Block party DJs expanded the appetite for hip-hop breakbeats in the culture’s halcyon days at the same time that disco ruled R&B radio. ‘70s dance music rocked plenty of block parties, and Domingo Canate — producer of Hands to the Sky, a documentary on the outdoor house music movement — recalls 2014’s disco-powered Larry Levan Way Block Party in Manhattan’s West Village as the greatest he’s ever attended.
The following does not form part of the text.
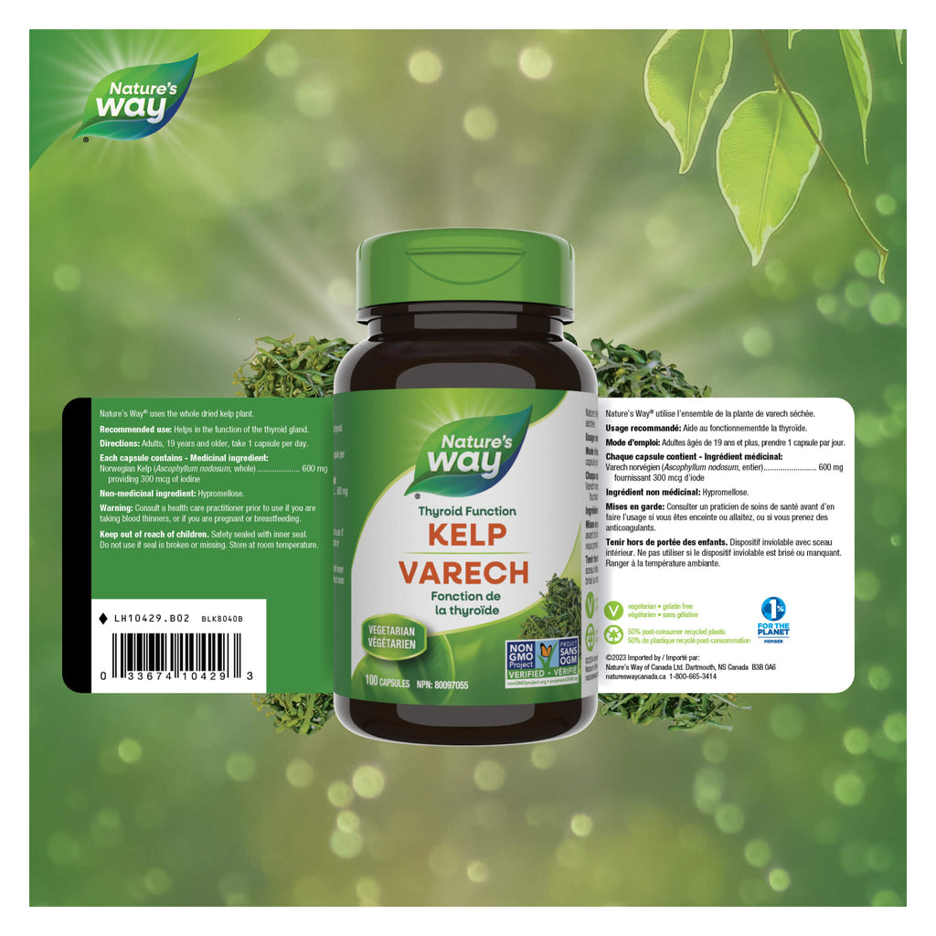 Nature's Way Kelp is a source of iodine and helps in the function of the thyroid gland. Nature's Way Kelp is Vegetarian and Non-GMO Project Verified.

“It was the ultimate block party of block parties,” Canate remembers. Red Bull Music Academy threw the party to celebrate the Paradise Garage club, once a staple of NYC nightlife in the city’s West Village neighborhood. “The Garage had been closed for about 30 years. When I saw the advertisement for it, I thought, ‘That one block is not gonna be enough for all the people that are gonna come!’” he laughs. “I don’t think any other club has had those accolades or that passion. Larry Levan was the resident [DJ], of course, and he passed away way before. DJs David Depino, Joey Llanos and François K, those three were the main guys for the block party. They did an excellent job! It was a lovefest.”

Washington D.C.’s beloved “Black Smithsonian” — aka the National Museum of African American History and Culture — even sponsored its own Hip-Hop Block Party last weekend, complete with a panel about block parties featuring the likes of Chuck D and Roxanne Shanté. With the never-ending ubiquity of block parties going strong, I have no doubt my little 8-year-old cousin will find herself bopping to Beyoncé’s Renaissance between two blocked-off Bronx avenues sometime soon. The party is in our blood.